Data centre application workloads require OMI-based DDIMM memory products to deliver the same high-performance bandwidth and low latency results of today’s parallel-DDR based memory products. Microchip’s SMC 1000 8x25G features an innovative low latency design that delivers less than 4ns incremental latency to the first DRAM data access and identical subsequent data access performance. This results in OMI-based DDIMM products having virtually identical bandwidth and latency performance to comparable LRDIMM products.
“Microchip is excited to introduce the industry’s first serial memory controller device to the market,” said Pete Hazen, Vice President of Microchip’s Data Center Solutions business unit. “New memory interface technologies such as Open Memory Interface (OMI) enable a broad range of SoC applications to support the increasing memory requirements of high-performance data centre applications. Microchip’s entrance into the memory infrastructure market underscores our commitment to improving performance and efficiency in the data centre.”
“IBM customer workload requirements are increasingly memory-intensive, which is why we have made the strategic decision for POWER processor memory interfaces to utilise OMI standard interfaces to increase memory bandwidth,” said Steve Fields, Chief Architect of IBM Power Systems. “IBM appreciates the partnership with Microchip to deliver this solution.”
SMART Modular, Micron and Samsung Electronics are building multiple pin-efficient 84-pin DDR4 Differential Dual-Inline Memory Modules (DDIMM) with capacities ranging from 16GB to 256GB. These DDIMMs will leverage the SMC 1000 8x25G and will seamlessly plug into any OMI-compliant 25Gbps interface.
“The Open Memory Interface (OMI) standard delivers a pin-efficient serial memory interface so a broad range of CPU and SoC applications can both scale memory bandwidth and seamlessly transition between an increasing number of emerging media types such as storage class memory,” said Myron Slota, President of the OpenCAPI Consortium. “The OpenCAPI consortium provides royalty-free host and target IP, as well as drives a broad set of initiatives to ensure standards compliance.”

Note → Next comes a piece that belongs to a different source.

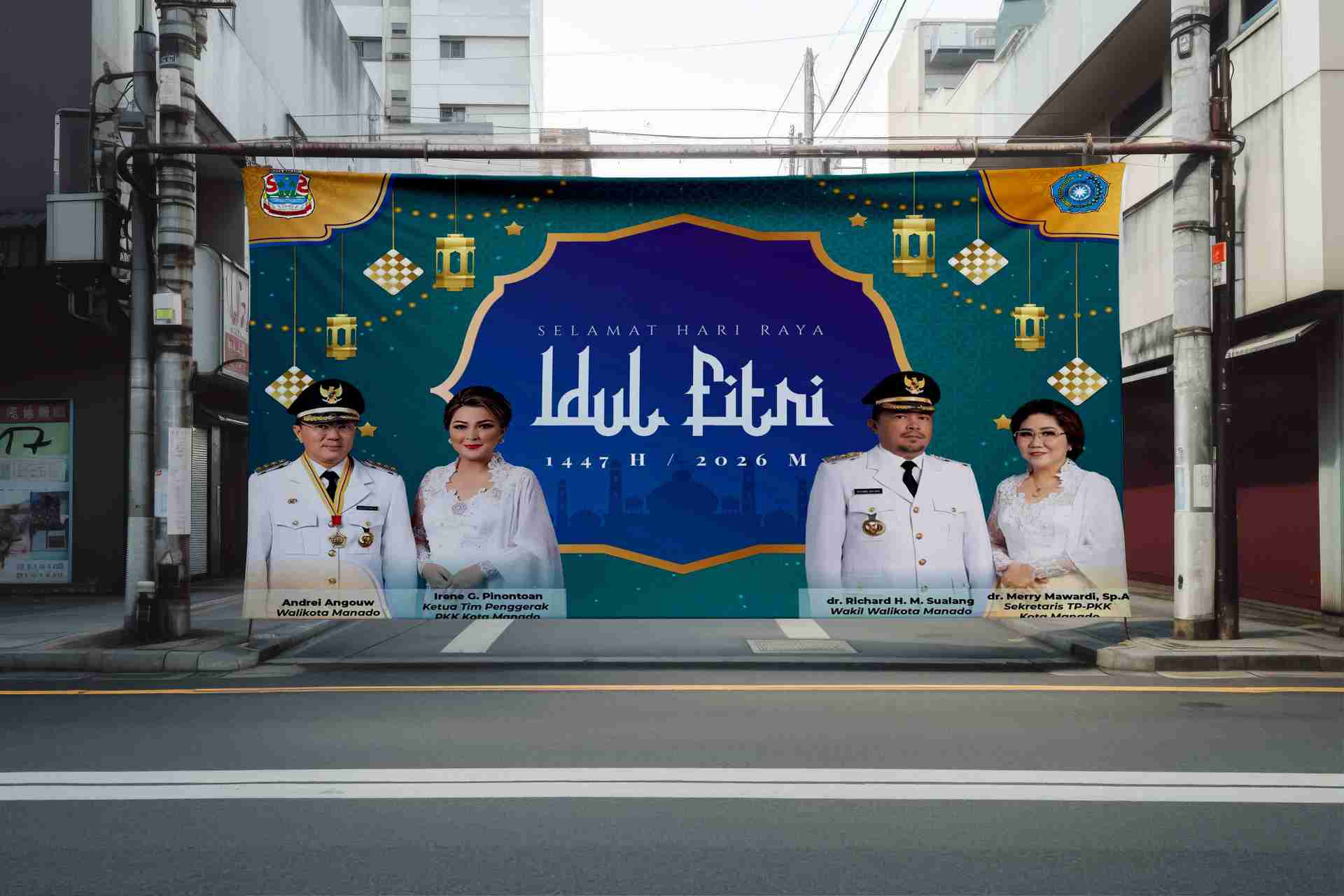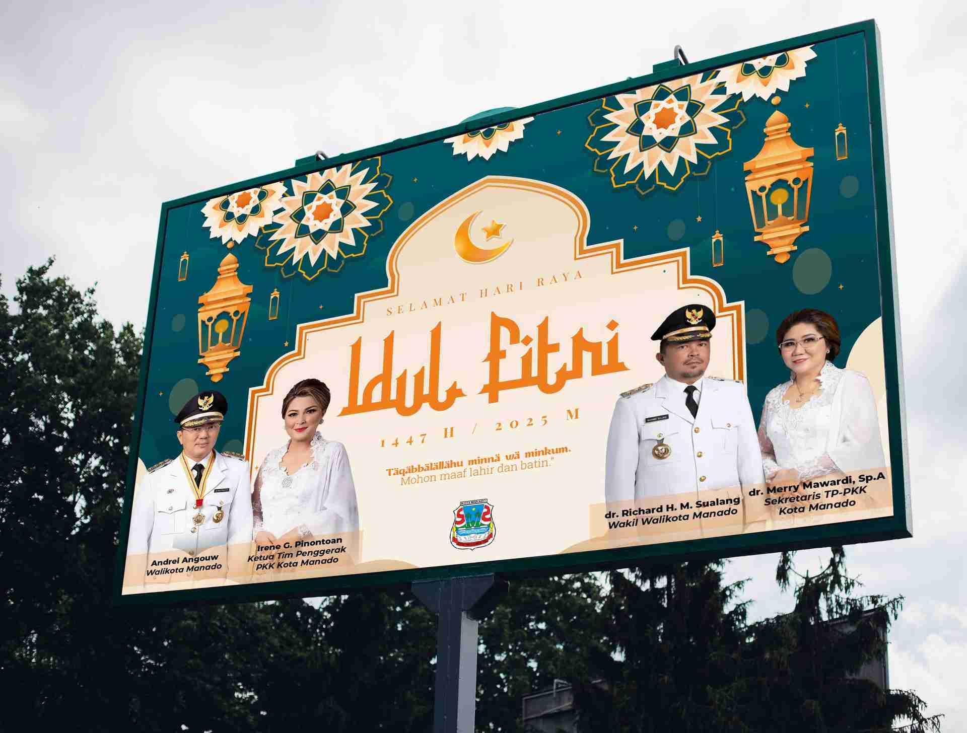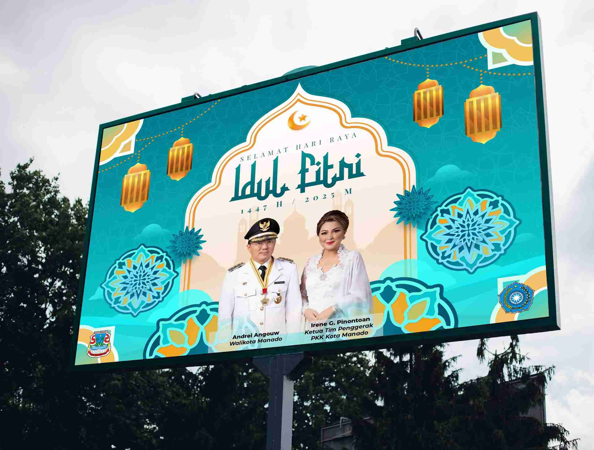 Billboard ucapan Selamat Hari Raya Idul Fitri 1447 H / 2026 M oleh Pemerintah Kota Manado ini berbentuk persegi panjang besar dengan dominasi warna hi...

“Google customers benefit from data intensive applications such as machine learning and data analytics that require high performance memory,” says Rob Sprinkle, Technical Lead for Platforms Infrastructure at Google LLC. “Google strongly supports open standards-based initiatives such as the Open Memory Interface (OMI), which provides a high-performance memory interface to meet these important bandwidth and latency performance goals.”